A 5 second period reflects significant leakage, but if the lift serves you well otherwise, don't worry about it. Normally, hiccups are due to leakage past the lift piston, but it may be leakage elsewhere. There is an inspection cover on the side of center housing that you can remove and see where it is leaking. 
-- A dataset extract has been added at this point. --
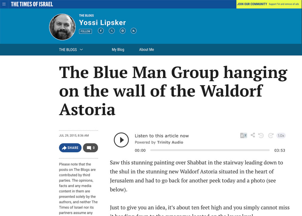 Saw this stunning painting over Shabbat in the stairway leading down to the shul in the stunning new Waldorf Astoria situated in the heart of Jerusalem and had to go back for another peek today and a photo (see below).
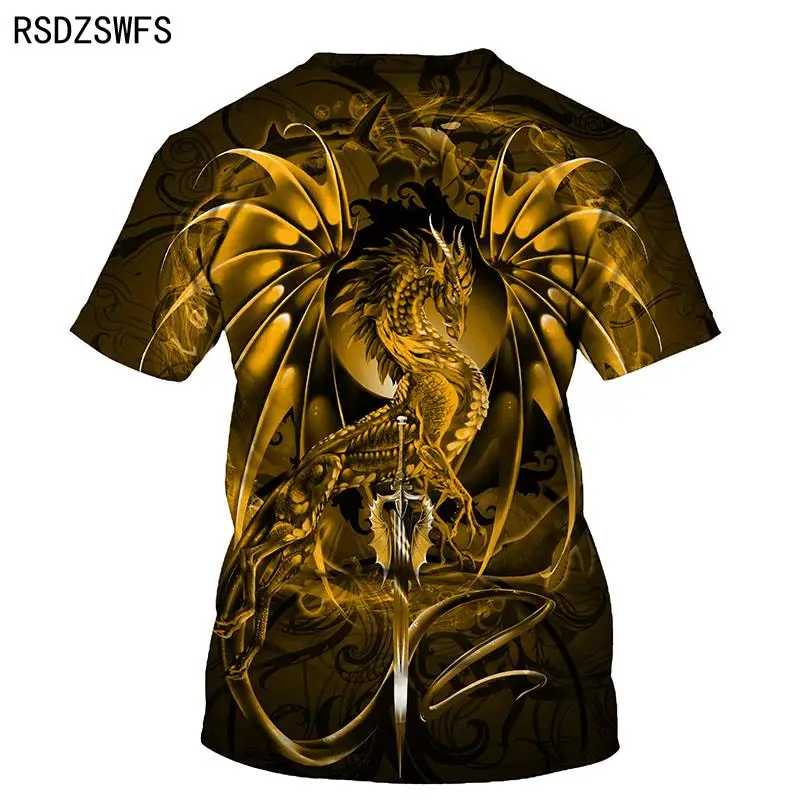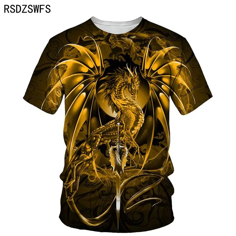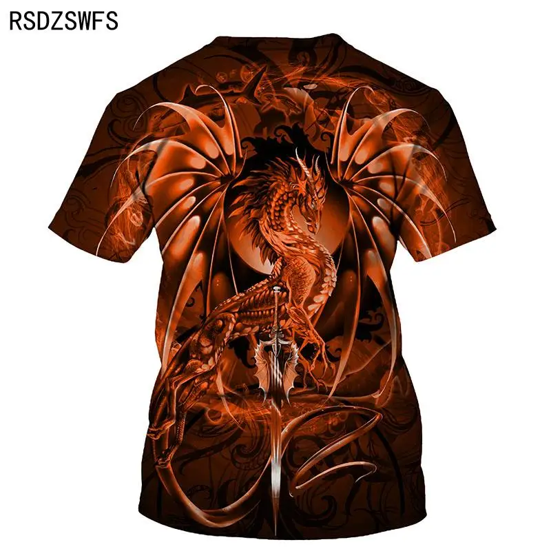 Футболка мужская с круглым вырезом, короткий рукав, 3d-принт, Повседневная модная рубашка, топ в западном стиле дракона, лето 2021

If you decide to repair the lift, get a shop/repair/service manual before you start. An I&T manual for your Ford 5000 should suffice. You have to pull the lift cover. You will need an engine hoist or a strong helper to lift it...it's heavy.


----------



## greenmaster (Jun 28, 2016)

Hi BigT, thanks for the reply. 
we have changed the piston and almost all valves. Ford workshop tell us to change the safety valve but I understand that this valve only acts in case of excessive pressure. There is no type of adjustments ? 
(sorry but I'm not fluent in english...just spanish and french)


----------



## BigT (Sep 15, 2014)

Hey Greenmaster,

See attached diagram. Pull inspection cover #19 (you will have to drain off some fluid to prevent spillage) and operate the lift and see where it is leaking.


----------



## greenmaster (Jun 28, 2016)

Hi BigT,
We did and no leakage is observed. safety valve we have not changed and it is not in very good shape, maybe operate by someone in the past. could influence the hiccups ?


----------



## greenmaster (Jun 28, 2016)

Update...safety valve changed. No leakage is observed (piston & valves). Hiccups remain at 5 seconds exactly. 

Weird...in DRAFT mode NO hiccups...


----------



## greenmaster (Jun 28, 2016)

Hi everybody, problem solved. Unload valve clogged. Thanks for replies.


----------